The Optimal Reward Problem: Designing Effective Reward for Bounded Agents
Add to Google Calendar
In an autonomous agent design scenario, the agent designer has goals which must be translated into goals for the agent. In the
Reinforcement Learning (RL) framework, goals are represented using reward functions, and typically a designer provides the agent with his or her own reward function. However, I show that if an agent is
bounded—if it is limited in its ability to maximize the designer's
expected reward—the designer may benefit by assigning the agent its own reward function. Thus, a designer faces the Optimal Reward Problem (ORP): choose the agent's reward function which leads to the greatest expected reward received by the designer.
Agents have a variety of types of limitations arising from their
limited computational resources, such as bounds on the depth of
planning or size of their state or model representation. Good reward functions are chosen by assessing how an agent's limitations interact with the environment. This dissertation proposes novel reward features such as the model-inaccuracy reward feature, which motivates an agent to avoid areas it has trouble modeling. I also derive the variance-based reward bonus, which produces provably efficient exploration in agents that maintain knowledge in the form of a Bayesian posterior but have bounded planning resources.
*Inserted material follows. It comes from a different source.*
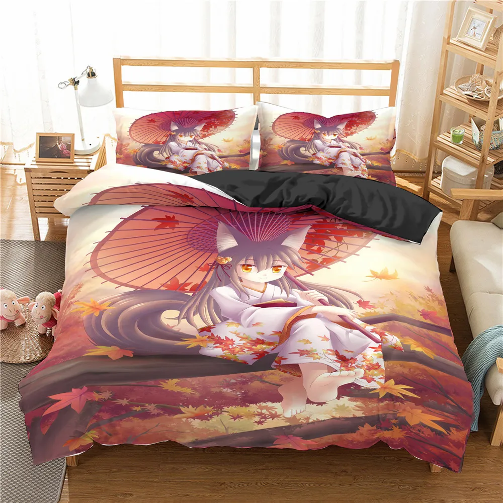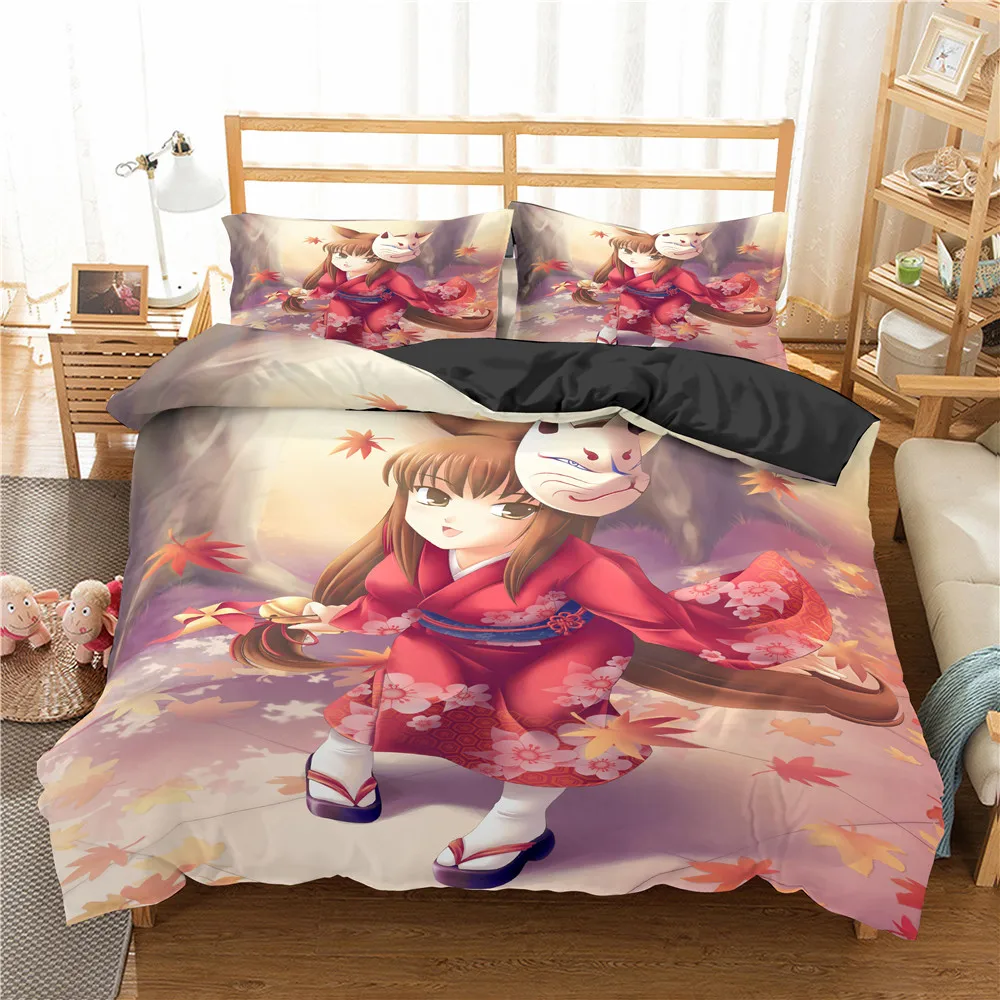 Японское постельное белье с аниме, комплект с мультяшным принтом для девочек, мягкий пододеяльник большого размера, всесезонный, зимний комплект постельного белья

For empirical optimization, I develop the Policy Gradient for Reward Design (PGRD) algorithm, a convergent gradient ascent algorithm that learns good reward functions online during a planning agent's lifetime. I apply PGRD to UCT, a large-scale planning algorithm, in Othello, a two-player game with a long history in AI. The Othello experiments and others demonstrate that the optimal reward approach outperforms the common practice of applying an evaluation function to the leaf-states of the planning tree. These experiments also demonstrate that reward functions from the popular class of potential-based shaping reward functions are not always optimal. Reward design is a promising, general approach for improving agents with limited computational resources.